2000, Music

Selmasongs (2000) by Bjork

I have not seen the film though it has been on my list for years. I suspect that the time for me to like the film is long past – if there ever was a time – but that doesn’t really apply to the soundtrack.

On “Overture” Bjork shows pretty great command of the orchestra, as if she could have had another career as a film composer. The use of orchestra continues throughout the soundtrack (such as the excellent fade out on “Scattherheart”) but it’s “Overture” that really sells me this alternate reality. It’s fascinating to hear something so good from someone who normally does something so different.
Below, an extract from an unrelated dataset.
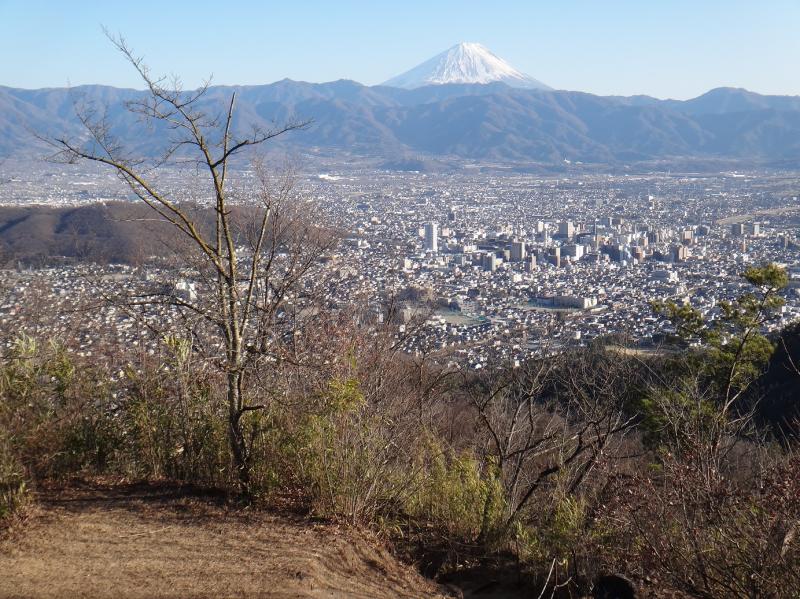 一昨年末から始めた週一の湯村山トレーニングが回を重ね14ヶ月で50回になった。先週は自宅を出た直後に雨が降り出してUターン、そのまま夜まで止まずにトレーニングは休みとなった。今日は一転して快晴の青空になったが、朝から猛烈な季節風が吹き、甲府で15時過ぎに瞬間17mを観測した。風は強くても「今日こそは」の思いを胸に、3時で仕事を切り上げて会社から緑ヶ丘に向かう。世間はコロナウイルスの影響か道路も、体育館の駐車場にも休日の賑わいが見られない。さあ気を取り直して行こう。しばらく晴天続きだったから路面は乾き、強風で落ち葉も飛んで歩きやすい。最初のチェックポイント湯村山12分、いったん下って法泉寺山に登り返して24分、ここから60mほど急降下して、右に鳥獣センターへの道を分けると本格的な登山道が始まる。稜線上は20mを超える烈風がゴーゴーと吹き荒れてバランスを崩しそうになる。第2東屋37分、ラストは風化花崗岩の白ザレが美しい道で高山の雰囲気が漂う。ここをBESTの3分で登れば目標の40分切りが見える。精一杯がんばったが結果は40秒オーバーで50回の節目に目標達成は叶わなかった。ただ、この強風コンディションでは上出来と言って良いだろう。白山(630m)から見下ろす甲府の中心市街地と、快晴の青空に富士山が美しい。緑ヶ丘15:20~白 山16:01 0+41(8℃ 40.40)

The rest of the record is a lot more what you might expect: some kind of weird hybrid of American musicals and European trip hop, with the other influence thrown in. (Some of claimed the percussion track on “Cvalda” to be waitisan but it’s not junkyardy enough.) If the cover of “It’s Oh So Quiet” felt out of place on Post this is the record where she reconciles her competing impulses of wanting to be in a musical and wanting to make avant garde but often danceable pop music. (And her alternate personas of quirky naif and eternal, timeless spirit.)
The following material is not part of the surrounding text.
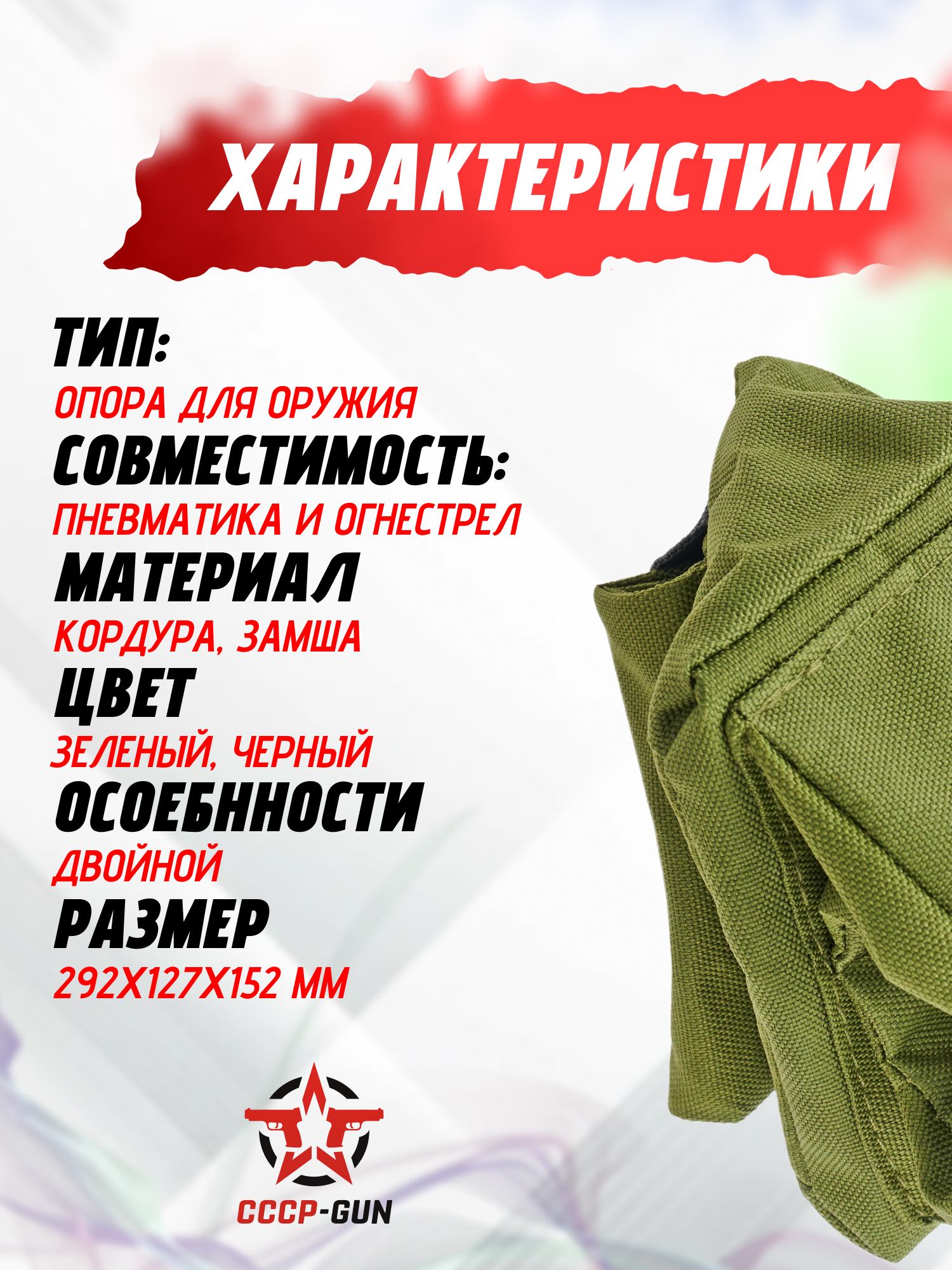 | Особенности | Опоры сделаны из очень прочного материала кордура (тип нейлона), имеют нескользящую верхнюю часть из кожзаменителя, что не дает оружию скользить во время выстрела. |

I don’t know how the duets sound in the movie but here they add another dimension since this is not something that is common in Bjork’s regular music. Writing for another person seems to pull her to a little more conventional (in theatrical musical convention terms) and having an actual vocal foil gives the record a sound unique in her catalogue.

I haven’t listened to a lot of her recent music, but I know of no other record of hers from the first couple decades of her career which is like this. It’s distinct and unique and it functions without the film, which is the best thing I can say about a movie soundtrack as an album.